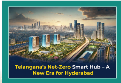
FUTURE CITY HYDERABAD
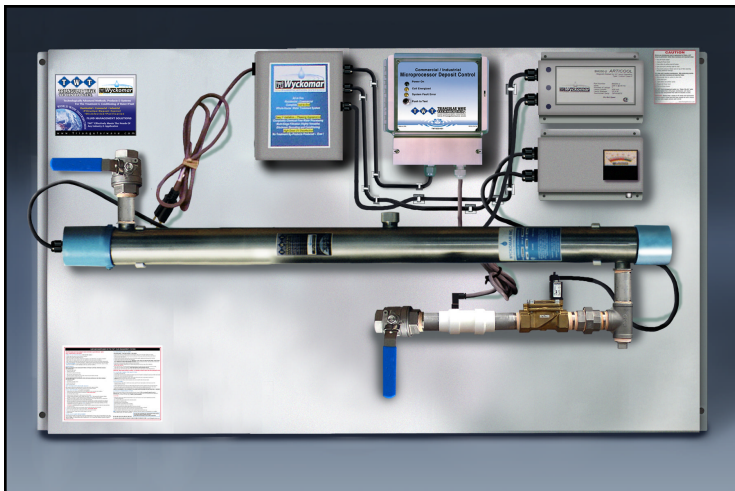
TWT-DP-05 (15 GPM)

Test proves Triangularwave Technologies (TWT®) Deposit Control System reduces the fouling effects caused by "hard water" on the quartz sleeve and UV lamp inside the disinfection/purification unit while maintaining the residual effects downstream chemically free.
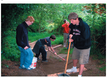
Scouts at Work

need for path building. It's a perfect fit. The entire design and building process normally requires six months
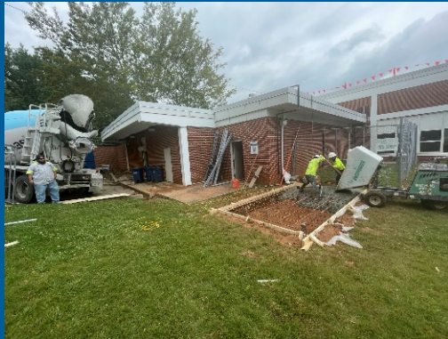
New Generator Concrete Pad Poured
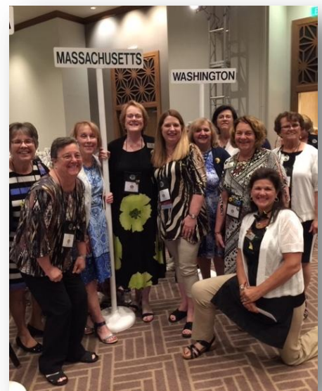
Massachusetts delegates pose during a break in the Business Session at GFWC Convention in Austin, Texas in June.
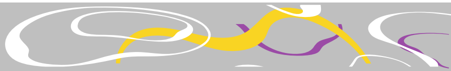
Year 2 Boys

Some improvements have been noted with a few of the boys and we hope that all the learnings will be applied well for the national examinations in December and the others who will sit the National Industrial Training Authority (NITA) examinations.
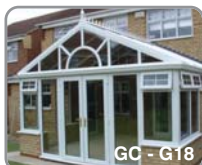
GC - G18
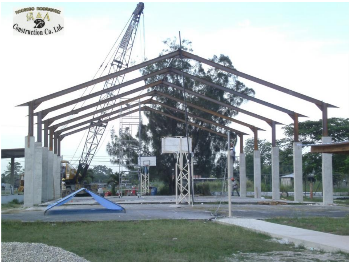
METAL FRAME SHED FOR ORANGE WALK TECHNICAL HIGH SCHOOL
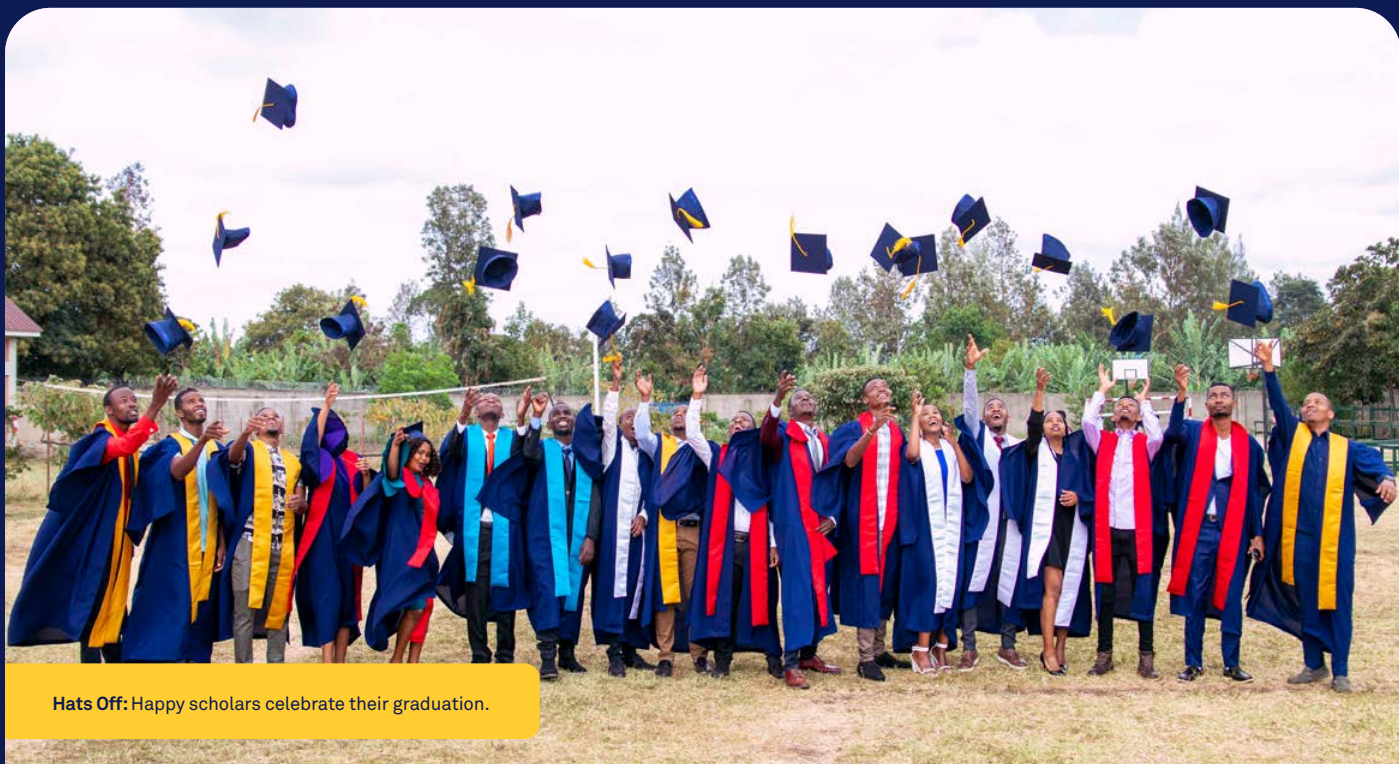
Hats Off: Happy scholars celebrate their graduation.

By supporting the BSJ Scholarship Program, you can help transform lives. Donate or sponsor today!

_ _ _ _ _

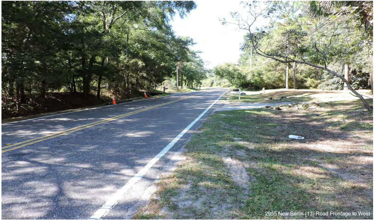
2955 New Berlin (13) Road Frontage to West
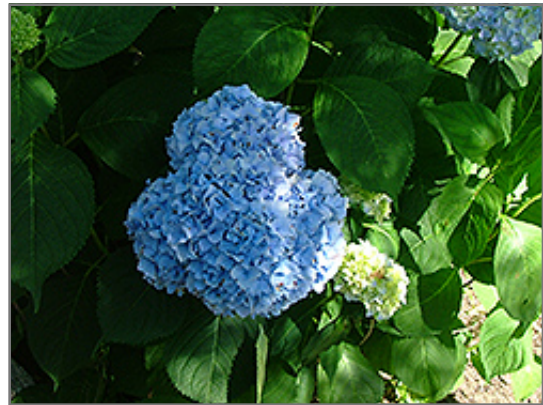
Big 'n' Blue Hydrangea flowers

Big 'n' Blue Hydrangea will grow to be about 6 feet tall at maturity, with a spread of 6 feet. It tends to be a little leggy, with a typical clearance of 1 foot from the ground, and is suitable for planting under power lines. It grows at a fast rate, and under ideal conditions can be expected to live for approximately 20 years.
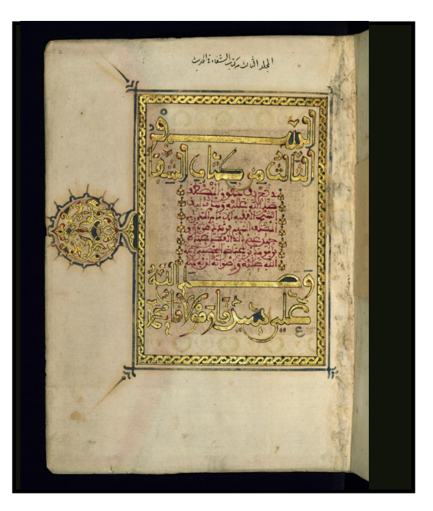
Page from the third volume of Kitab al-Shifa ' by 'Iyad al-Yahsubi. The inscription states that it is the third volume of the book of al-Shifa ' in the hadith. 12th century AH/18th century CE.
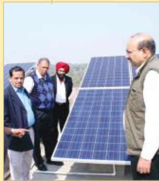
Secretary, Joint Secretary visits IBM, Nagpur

_ _ _ _ _

### TASK
In the entries above, which lines run from the one with "New Generator Concrete Pad Poured" up to and including the one with "Hats Off: Happy"? Write them out exactly, without the pictures.

### REPLY TO THE EXERCISE
New Generator Concrete Pad Poured
Massachusetts delegates pose during a break in the Business Session at GFWC Convention in Austin, Texas in June.
Year 2 Boys

Some improvements have been noted with a few of the boys and we hope that all the learnings will be applied well for the national examinations in December and the others who will sit the National Industrial Training Authority (NITA) examinations.
GC - G18
METAL FRAME SHED FOR ORANGE WALK TECHNICAL HIGH SCHOOL
Hats Off: Happy scholars celebrate their graduation.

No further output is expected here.